High value elements in U^D are distributed heterogeneously. This means that they mainly concentrate on certain channels and time-horizon frames, rather than dispersing over the whole map. Thus, we only use elements of U^D with high distributions, i.e., we only choose the elements in important channels and time-horizon frames. The pseudo optimization of e-nose data based on the two-dimensional discriminant information map U^D is implemented as follows:

Step 1: Divide the two-dimensional discriminant information map U^D into two parts, important and unimportant information, using window W = {[C_i, C_j], [TU_m, TU_n]}, where [C_i, C_j] represents all of the channels from i to j and [TU_m, TU_n] is all of the time-horizon frames from m to n. Elements inside W containing all of the channels from channel i to j and all of the time-horizon frames from m to n are important, while the remaining elements are discarded because they are unimportant. To do this, we construct a new map, denoted by $U^{M} = {u_{i j}^{M}}$ , 0 ≤ i ≤ 15, 0 ≤ j ≤ 19, from U^D as follows:

${\begin{array}{l} u_{i j}^{M} = u_{i j}^{D}, & if u_{i j}^{D} \in W \\ u_{i j}^{M} = 0, & otherwise . \end{array}$

(9)
Step 2: From the modified two-dimensional map U^M, reconstruct the modified rearranged map M^M (16 × 2000 matrix). If $u_{i j}^{M} = 0$ , all data points in the j-th unit of the i-th row in M^M are set to zero. Otherwise, if $u_{i j}^{M} = 1$ , all elements in the corresponding position of M^M are set to the value of their equivalent elements in M^D.
Step 3: Convert the modified rearranged map M^M into the modified one-dimensional discriminant information array m^M. This final map is used for the feature extraction and classification stage.

4. Experimental Results

In this section, we present the applications of the proposed method to the e-nose system described in [11]. Since the efficacy of the proposed region selection method is evaluated based on the comparison with previous works in [16,18], we apply our method to the same e-nose dataset for the implementation. The volatile organic compound (VOC) measurement data consisted of eight classes: acetone, benzene, cyclo-hexane, ethanol, heptane, methanol, propanol and toluene. The dataset contained 160 samples, and each sample (x_k ∈ ℝ³²⁰⁰⁰) consisted of 32, 000 variables that were measured through 16 channels over 2000 time points. To evaluate the classification rates, we performed five-fold cross-validation [25] and computed the average value. There were 128 data samples in the training set and 32 data samples in the testing set.

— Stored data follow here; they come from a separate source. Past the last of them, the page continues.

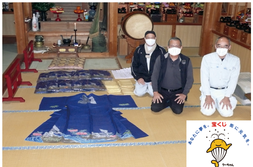
▲「コミュニティ助成事業」の補助を受けて衣装を新調した増田地区のはなとりおどり保存会の皆さん

コミュニティ助成事業は、町が認めたコミュニティ活動(祭り用具の準備等)に必要な備品購入や修繕等に対して助成を行うものです。申請手続きなど、詳しくは総務課にお問い合わせください。
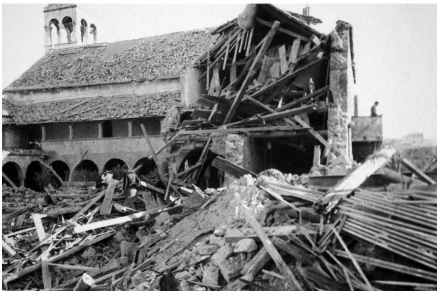
Dominikanski samostan nakon bombardiranja u Drugom svjetskom ratu
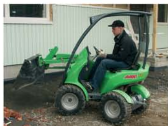
باکت های معمولی و مواد سبک
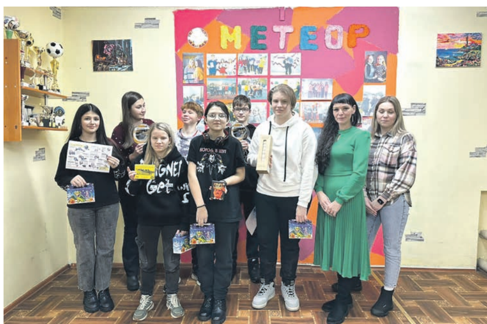
Волонтеры Канда拉克шской дистанции пути им. В.Ю. Лелекова провели акцию «Железная дорога — зона повышенной опасности» для детского центра «Метеор»
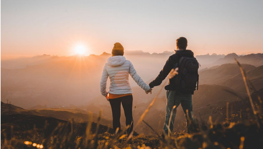
Computerformat 4 3 Sonnenaufgang Fronalpstock
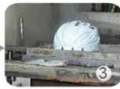
PC blister manufacture
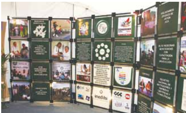
El stand institucional mostró los servicios que oferta la UAEH.
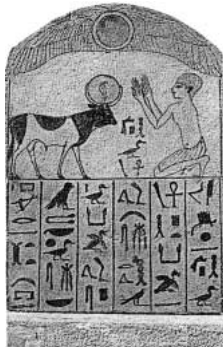
Un fedele, le mani levate in un gesto di adorazione, davanti al dio Api. Stele in calcare dipinto proveniente dal serapeum di Menfi. Egitto, XX dinastia, intorno al 1200 a.C. (Nuovo Impero)
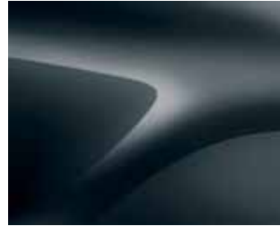
GRİ FÜME (M)

For the experiment using the proposed method, we first found a suitable value of the regularization parameter η in the R-LDA equation. To do this, we first applied the R-LDA-based feature feedback mentioned in Subsection 2.3 to e-nose data for different values of η. For each value of η, we used a different number of selected value in the feature mask obtained using R-LDA. We compared the performances of all cases to determine the best value of η. Figure 6 shows the comparison of classification rates for various values of η. As depicted in Figure 6, the classification rate changes according to the value of η, and the number of selected elements in the feature mask N also changes. Based on these results, we chose η = 0.01 for our experiments.

4.1. Construction of Two-Dimensional Discriminant Information Map

To construct the one-dimensional discriminant information map m^D, we set n_f = 3, because the sum of the three largest eigenvalues of $x_{l}^{L}$ , l = 1, ‥, 3, accounted for approximately 99% of the total sum of the eigenvalues. Among the 32,000 elements of the discriminant information map m^D, we perform experiments using only 8000, 9600, 12,800, 16,000 and 19,200, according to 25%, 30%, 40%, 50% and 60%, respectively, of the highest values in map m^D. All of the selected elements were set to one, and the remaining elements were set to zero. By doing this, the discriminant information map m^D was divided into two parts: the important part with all 1 elements and the unimportant part with all 0 elements.

As mentioned in Section 3, in the rearranged discriminant information map M^D, we divided the time-horizon [0, 2] into periods of 100 ms and obtained 20 time units TU_i, i = 0, .., 19; in other words, each channel was divided into 20 units. The discriminant information map M^D was represented at the unit level by introducing the two-dimensional discriminant information map U^D.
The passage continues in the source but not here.